### The problem
Please return only the lines from the one holding "会津若松市の鶴ケ城内で、新種の桜「はるか」を植樹セレモニーに出席した綾瀬はるか" through the one holding "Cobre. | ||", exactly as they appear in the records below, both ends included.

### Listed entries
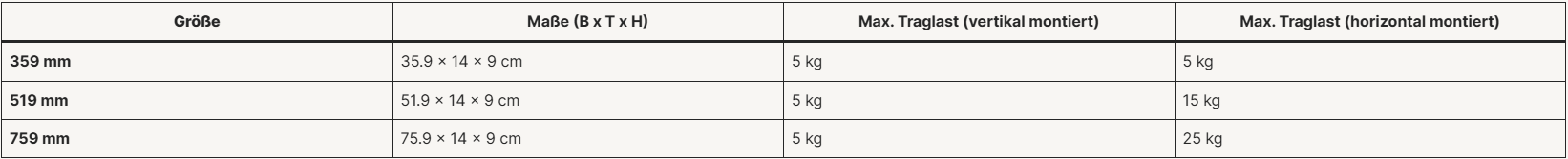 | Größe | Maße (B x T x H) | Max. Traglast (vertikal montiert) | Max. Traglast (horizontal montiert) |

--

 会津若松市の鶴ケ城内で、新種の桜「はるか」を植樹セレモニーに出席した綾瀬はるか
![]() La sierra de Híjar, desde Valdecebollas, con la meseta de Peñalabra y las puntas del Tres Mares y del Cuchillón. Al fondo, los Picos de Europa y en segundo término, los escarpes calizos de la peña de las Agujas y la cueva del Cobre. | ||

### Solution to this task
 会津若松市の鶴ケ城内で、新種の桜「はるか」を植樹セレモニーに出席した綾瀬はるか
![]() La sierra de Híjar, desde Valdecebollas, con la meseta de Peñalabra y las puntas del Tres Mares y del Cuchillón. Al fondo, los Picos de Europa y en segundo término, los escarpes calizos de la peña de las Agujas y la cueva del Cobre. | ||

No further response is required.